The task:
Your task is to retype, exactly and without pictures, the line holding "SOMA FIX Profit" and each line that follows it to the end of the entries.

(Listed records begins)

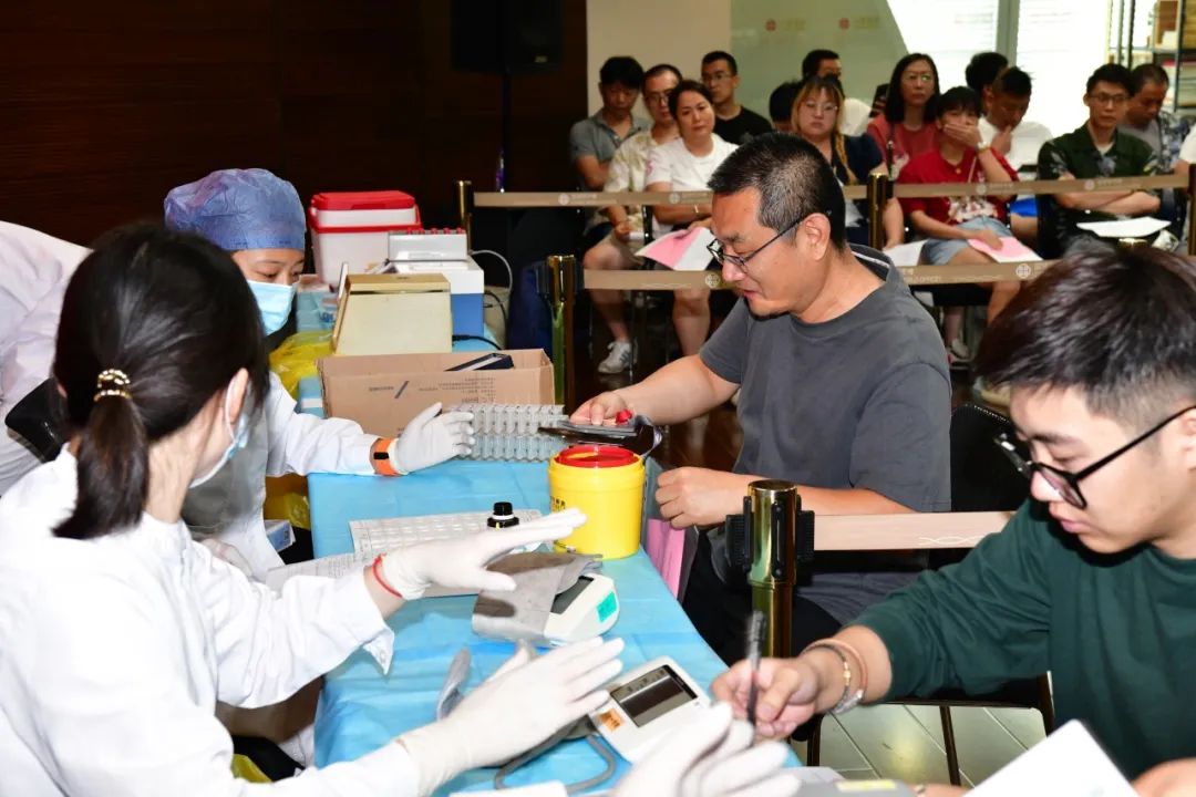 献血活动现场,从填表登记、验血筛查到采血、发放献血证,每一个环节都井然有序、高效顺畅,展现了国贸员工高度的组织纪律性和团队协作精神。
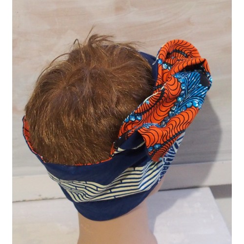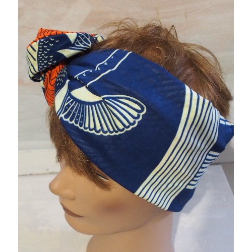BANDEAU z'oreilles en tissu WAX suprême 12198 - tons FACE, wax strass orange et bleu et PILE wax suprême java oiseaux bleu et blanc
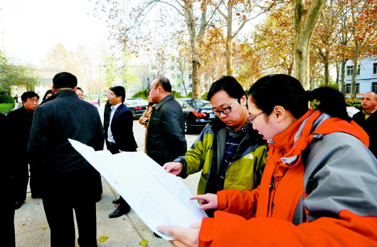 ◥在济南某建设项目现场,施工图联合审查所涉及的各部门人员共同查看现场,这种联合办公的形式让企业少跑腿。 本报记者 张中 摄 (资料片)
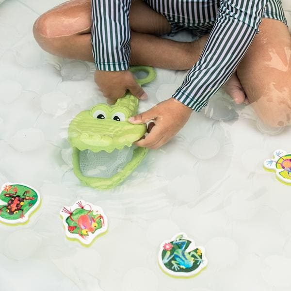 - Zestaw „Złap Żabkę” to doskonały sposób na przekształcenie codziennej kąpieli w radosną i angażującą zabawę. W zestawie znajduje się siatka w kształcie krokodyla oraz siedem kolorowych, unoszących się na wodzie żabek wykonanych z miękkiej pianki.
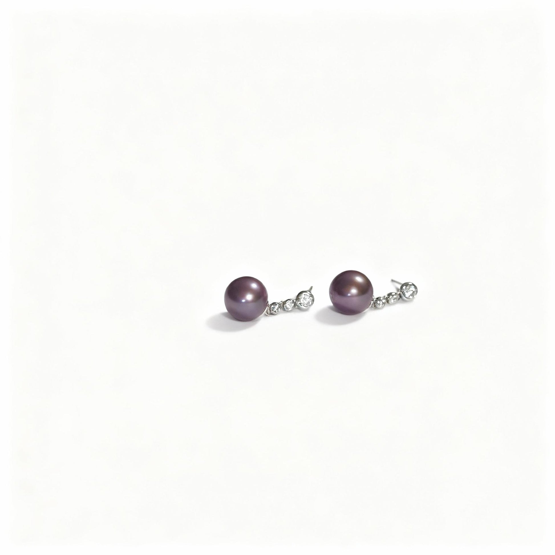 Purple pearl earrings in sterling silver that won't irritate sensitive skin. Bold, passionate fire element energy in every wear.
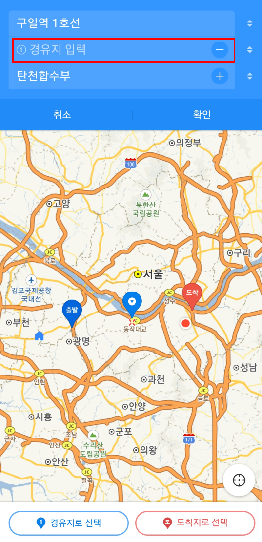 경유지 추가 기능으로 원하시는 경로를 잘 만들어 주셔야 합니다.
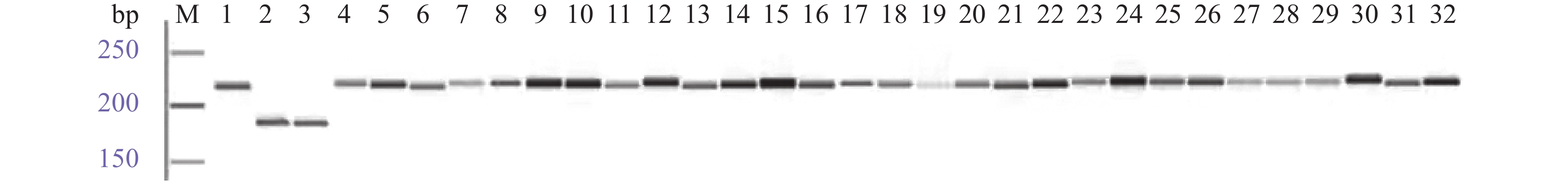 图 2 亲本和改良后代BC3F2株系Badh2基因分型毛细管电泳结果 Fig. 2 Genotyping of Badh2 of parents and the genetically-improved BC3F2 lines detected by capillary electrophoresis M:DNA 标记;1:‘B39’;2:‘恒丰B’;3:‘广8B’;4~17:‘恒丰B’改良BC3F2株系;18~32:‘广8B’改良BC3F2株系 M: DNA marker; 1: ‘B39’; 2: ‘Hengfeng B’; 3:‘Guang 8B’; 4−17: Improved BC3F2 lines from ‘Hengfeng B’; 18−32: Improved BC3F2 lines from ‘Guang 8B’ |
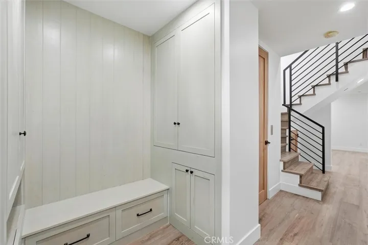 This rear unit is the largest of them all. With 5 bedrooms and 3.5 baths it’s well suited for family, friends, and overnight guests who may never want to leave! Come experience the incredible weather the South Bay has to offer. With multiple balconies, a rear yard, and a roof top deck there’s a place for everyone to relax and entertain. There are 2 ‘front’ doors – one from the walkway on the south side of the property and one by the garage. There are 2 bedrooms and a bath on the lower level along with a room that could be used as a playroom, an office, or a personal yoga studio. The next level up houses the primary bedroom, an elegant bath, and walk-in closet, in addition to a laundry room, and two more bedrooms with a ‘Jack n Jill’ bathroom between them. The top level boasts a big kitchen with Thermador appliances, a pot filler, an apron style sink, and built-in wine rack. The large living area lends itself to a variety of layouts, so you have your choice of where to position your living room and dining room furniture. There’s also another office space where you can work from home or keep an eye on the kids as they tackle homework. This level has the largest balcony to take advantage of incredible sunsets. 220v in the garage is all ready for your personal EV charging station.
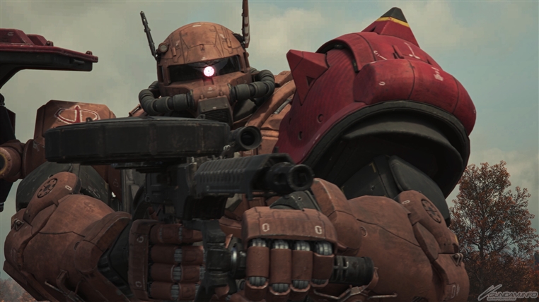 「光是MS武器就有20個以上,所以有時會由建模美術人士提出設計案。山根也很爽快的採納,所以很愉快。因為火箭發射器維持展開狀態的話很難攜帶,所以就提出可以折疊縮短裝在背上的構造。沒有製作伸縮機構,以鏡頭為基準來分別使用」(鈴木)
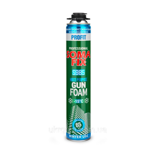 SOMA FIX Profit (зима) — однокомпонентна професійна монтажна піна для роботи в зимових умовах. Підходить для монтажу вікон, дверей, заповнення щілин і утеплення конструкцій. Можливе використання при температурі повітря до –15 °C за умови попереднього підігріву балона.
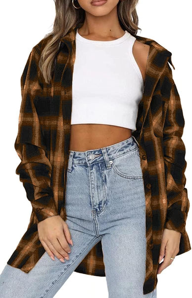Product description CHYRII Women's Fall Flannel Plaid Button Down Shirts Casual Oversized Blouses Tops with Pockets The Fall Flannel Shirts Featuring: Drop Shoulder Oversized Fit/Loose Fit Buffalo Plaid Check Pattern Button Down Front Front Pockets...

(Listed records ends)

Task solution:
 SOMA FIX Profit (зима) — однокомпонентна професійна монтажна піна для роботи в зимових умовах. Підходить для монтажу вікон, дверей, заповнення щілин і утеплення конструкцій. Можливе використання при температурі повітря до –15 °C за умови попереднього підігріву балона.
Product description CHYRII Women's Fall Flannel Plaid Button Down Shirts Casual Oversized Blouses Tops with Pockets The Fall Flannel Shirts Featuring: Drop Shoulder Oversized Fit/Loose Fit Buffalo Plaid Check Pattern Button Down Front Front Pockets...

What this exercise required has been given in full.